■ EXERCISE
Pictures in the entries below are excluded; copy only the lines from the one containing "- Gleichzeitiges und" to the one containing "Porsche Cayman 2006", both included.

--- DATA FOR THIS EXERCISE ---

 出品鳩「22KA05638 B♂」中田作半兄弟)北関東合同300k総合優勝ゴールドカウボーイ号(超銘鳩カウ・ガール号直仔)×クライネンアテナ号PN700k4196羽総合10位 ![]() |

---
--- DATA FOR THIS EXERCISE ---

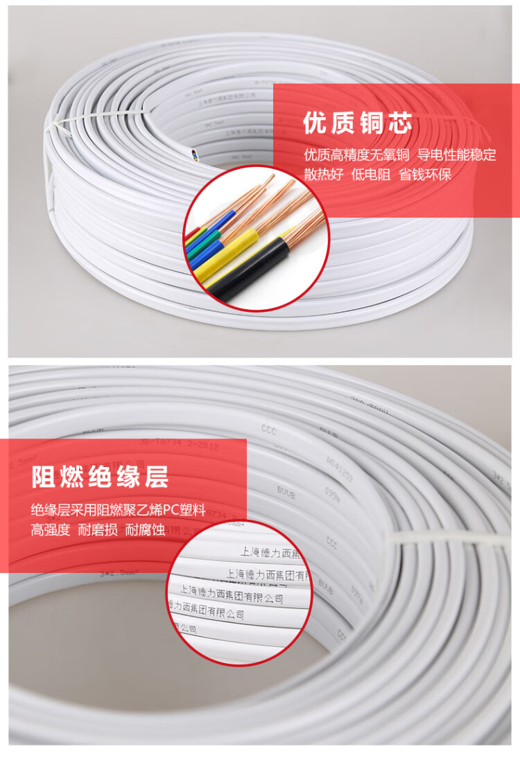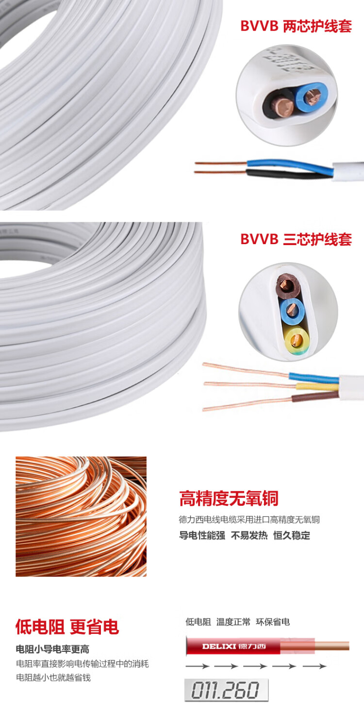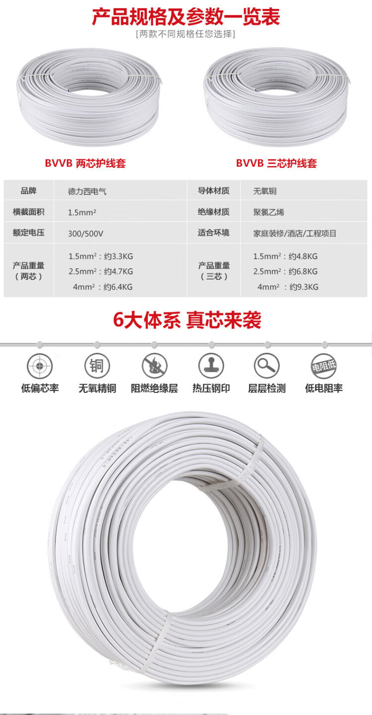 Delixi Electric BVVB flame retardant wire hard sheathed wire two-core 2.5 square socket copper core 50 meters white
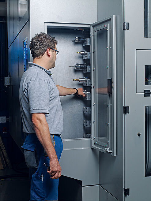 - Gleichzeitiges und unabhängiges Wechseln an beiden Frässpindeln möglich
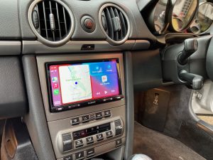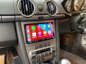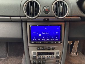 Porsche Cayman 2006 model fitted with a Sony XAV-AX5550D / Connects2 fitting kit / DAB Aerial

---

■ REPLY TO THE TASK
 - Gleichzeitiges und unabhängiges Wechseln an beiden Frässpindeln möglich
 Porsche Cayman 2006 model fitted with a Sony XAV-AX5550D / Connects2 fitting kit / DAB Aerial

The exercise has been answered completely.